I started rumbling like an angry victim or a prosecutor accusing a criminal. I was like a psychologist coldly diagnosing someone as a psychopath, and thus being beyond redemption.  I was not even  loud but I showed my exasperation in the worst way.   And that was when Robert began to weep.

It was as  if the dam was  suddenly broken and the tears gushed not just from his eyes but straight from his heart.  As if all the emotions, he could not express for the first 11 years of his life, suddenly became unbearable. and broke through iron and concrete fortifications.   He was crying as if he was telling me, “I don’t know how I should live.  I don’t know how to move.  I don’t know where to go.  I don’t know what is my place in this world.  I don’t know who I am. ”

Even now, 10 years later, I still cannot get over that cry.

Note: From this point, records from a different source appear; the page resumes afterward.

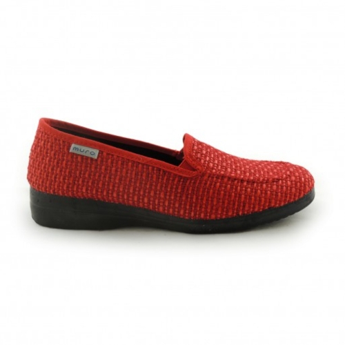 Zapatilla marca Garrido Muro. Estilo mocasín en color rojo con elástico. Suela flexible y antideslizante. Hecho en españa.
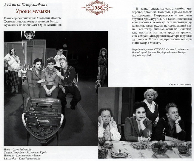 С приходом в 1987 году в Кольцовский театр Анатолия Иванова для Валентины Юровой возникла возможность расширить и углубить творческий диапазон. Очень важна была и для театра, и для нового главного режиссёра, и для нашей актрисы – постановка в самый что ни на есть перестроечный период пьесы «Уроки музыки» (1988) драматурга Людмилы Петрушевской, не очень-то жалуемой официальными властями. И роль Таисии Петровны, матери непростого семейства, требовала не просто одноплановой характерности, а глубокой психологической проработки. От того, насколько сложный, живой и реалистический характер удастся воплотить исполнительнице этой роли, практически зависел успех всего спектакля. И актриса вполне справилась с режиссёрской задачей. Перед зрителем возникла современная женщина, весьма практичная, понятная в своих нуждах и переживаниях за благополучие семьи и своих близких.
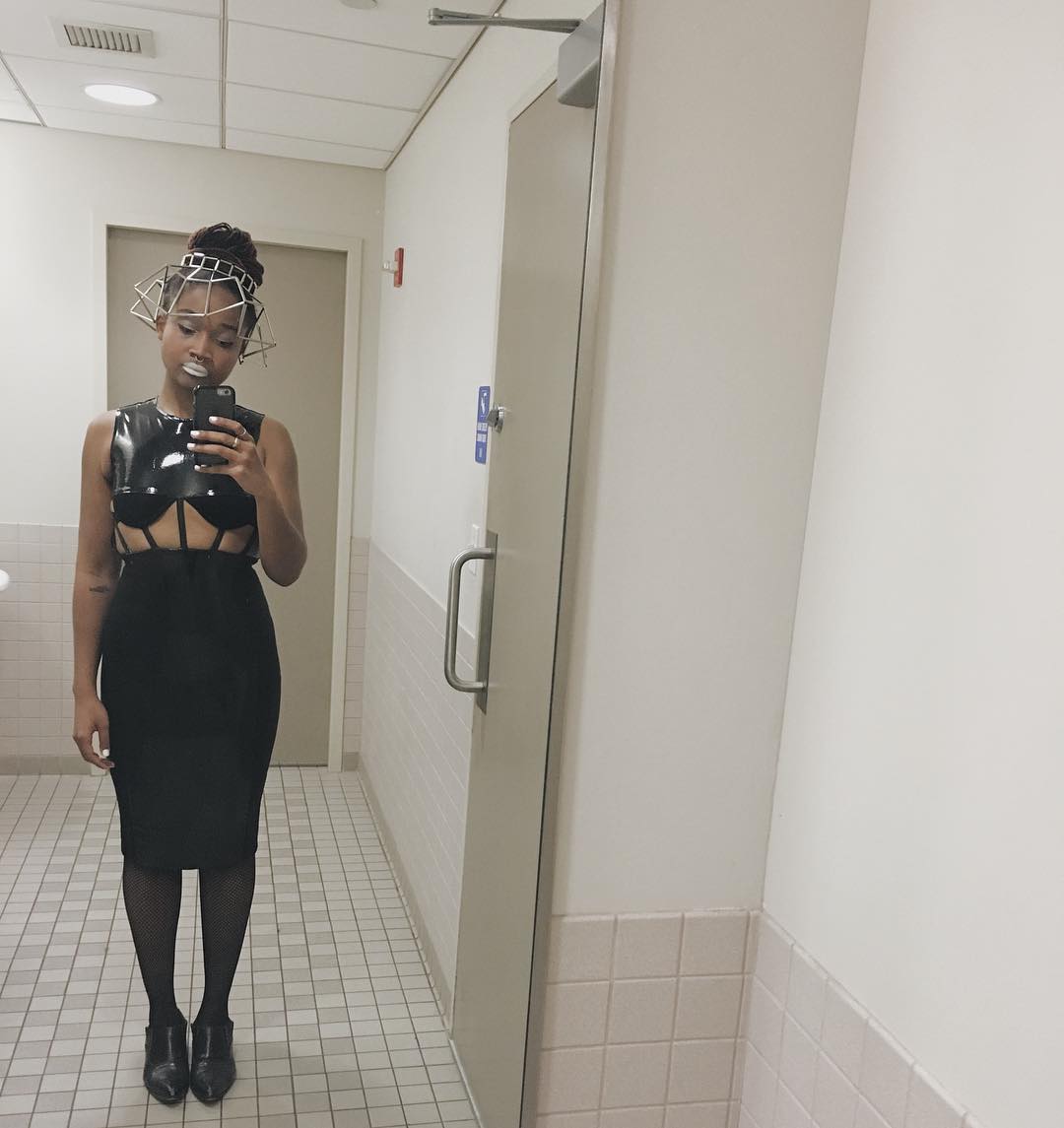 Met Gala looks are starting to roll in! Associate Online Community Producer for the Metropolitan Museum of Art, Kimberly Drew, snapped her look for Instagram—a WXYZ Jewelry Silver Metal Veil and $679 Chromat Black Patent Underbust Dress:
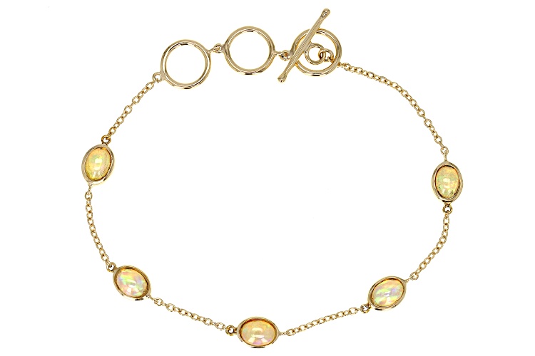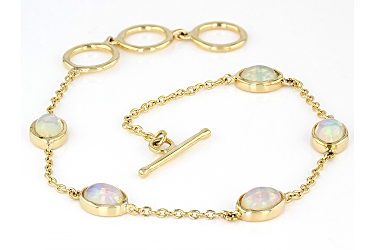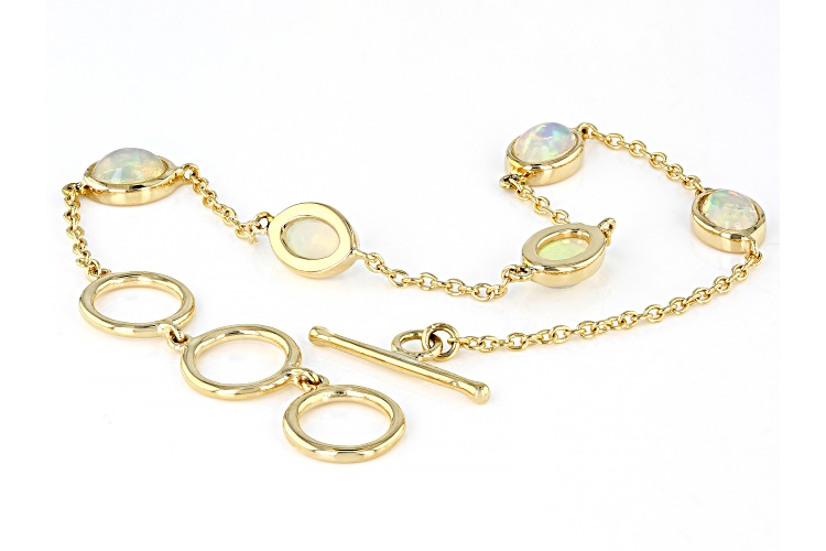 2.30ctw White Ethiopian Opal 18K Yellow Gold Over Sterling Silver Bracelet - Size 7.25
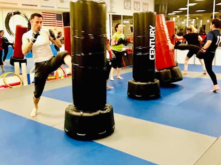 Ħu sehem f'lezzjoni mimlija ħajja u ħafna ċaqliq. Tgħallem kif tagħti daqqiet u daqqiet tas-sieq tajbin, flimkien ma' għadd ta' kombinazzjonijiet differenti fuq il-boroż tat-taħriġ. Il-lezzjoni tibda b'xi eżerċizzji u l-użu ta' piżijiet ħfief.
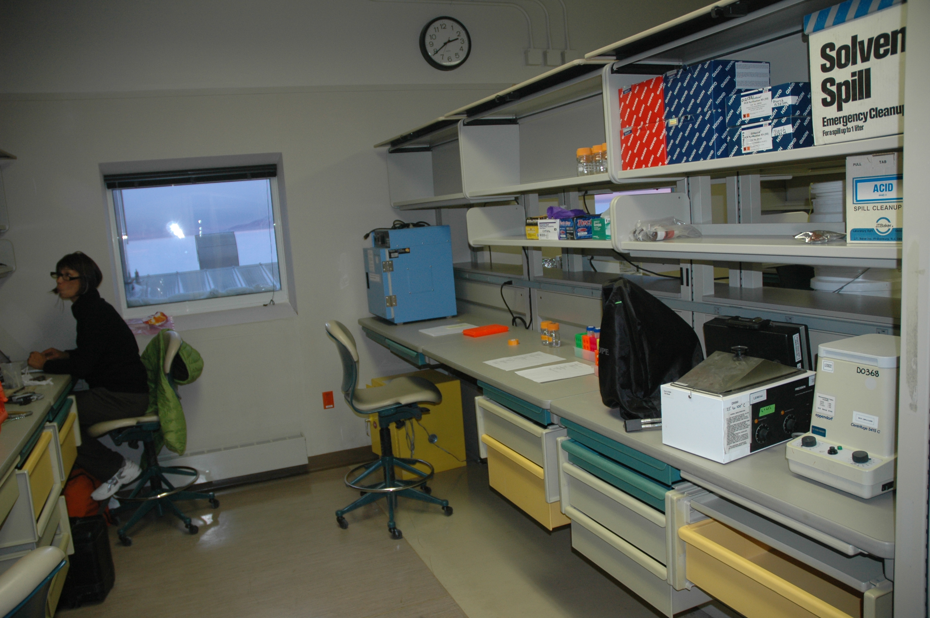 The team sets up their lab space. McMurdo Station, Antarctica.
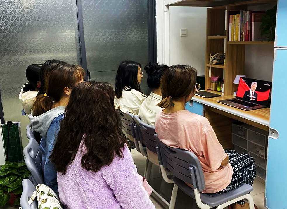 10月16日晚,马克思主义学院研究生党支部组织研究生党员和入党积极分子在宿舍观看学习《党课开讲啦》。
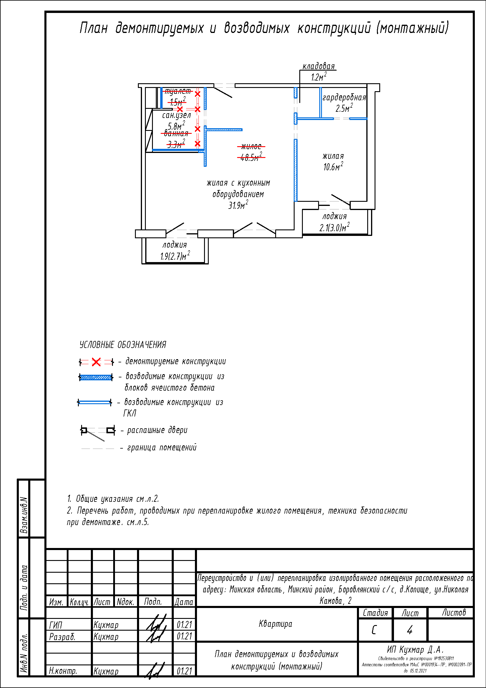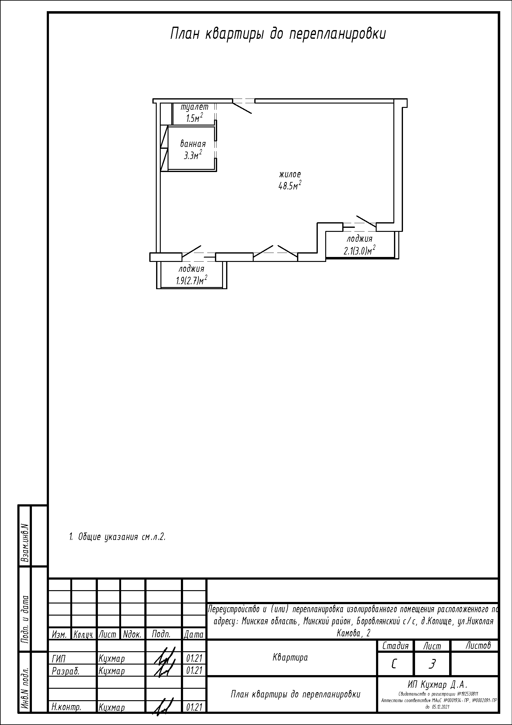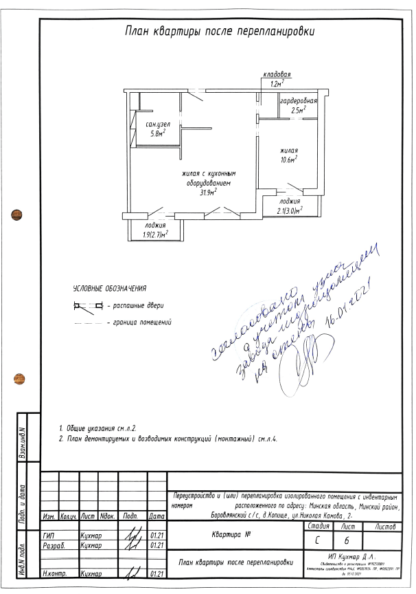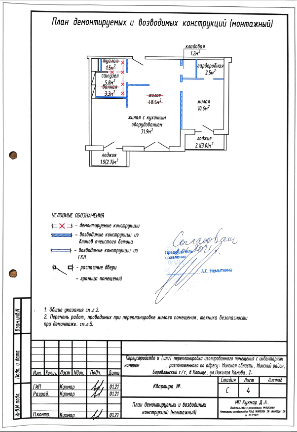 Перепланировка квартиры по ул. Камова, 2 в ЖК «Новая Боровая»
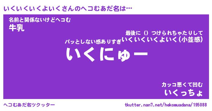 | 男性向けラノベタイトル風あだ名 | 『いくいくいくよいくの憂鬱』 |
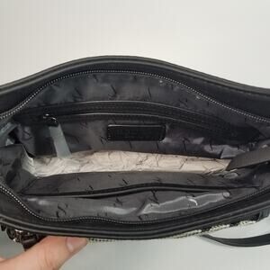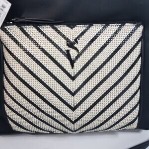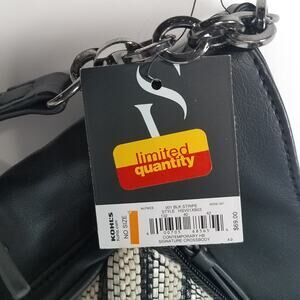 Simply Vera Wang Crossbody Purse Black White Stripes w/ Chain Accent Strap.
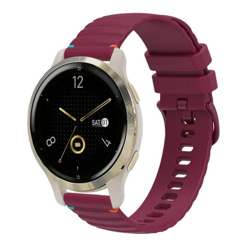 Correa de Silicona Garmin Venu 2S 18mm con Puntadas Onduladas y Puntos (Rojo Vino)
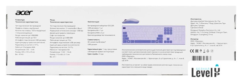 Полная комплектация набора | - беспроводная мышь- беспроводная клавиатура- USB-приемник- документация |
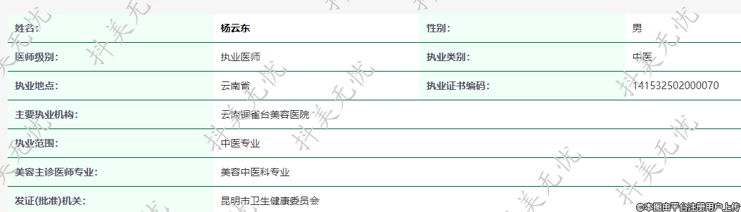 主要執(zhí)業(yè)機(jī)構(gòu):云南銅雀臺(tái)美容醫(yī)院
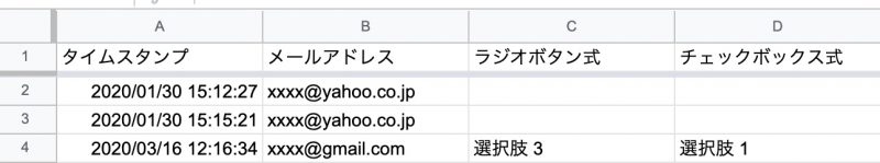 Googleフォームからのデータは、スプレッドシートに新しい行を挿入する形で追記されていくから、スプレッドシート上で参照するときはタイトル行も範囲指定するようにすると解決できるぞ!
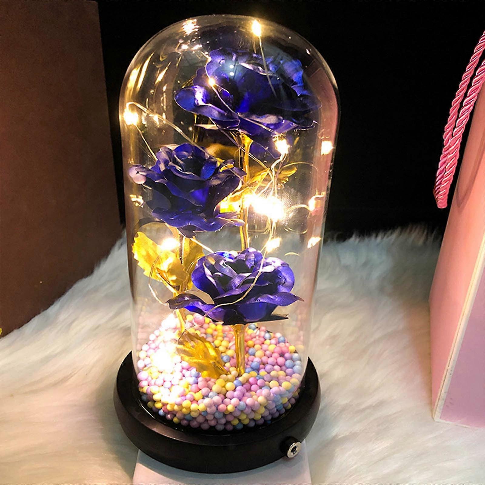 Jacenvly Valentine's Day Decorations Clearance - LED Three Gold Foil Flower Glass Cover, Simulation Flower, Compatible with Valentine's Day Birthday

I am not always sweet mother to him.  I am not afraid to say, “No” to Robert, refuse him something.  I do tell him that I am angry when I am angry and I tell him why.  He is, more or less, tolerating that.  Sometimes, he negotiates his own way, sometimes he accepts my decisions.  Sometimes, by making groaning sounds he shows me that he is angry too. Sometimes I am still exasperated.  But when that happens, I either avoid showing my feelings to Robert, or I tell him precisely  which of his actions made me angry.

I don’t  ever show my EXASPERATION WITH Robert.  Mainly, because I am never exasperated by him. I carry his cry with me all the time.  I understand that everything Robert does, no matter how it looks to those who don’t know him, comes  from his understanding how the world works and his efforts to fit in.  That might be a wrong understanding and it might cause some problems but it is never, never  malicious.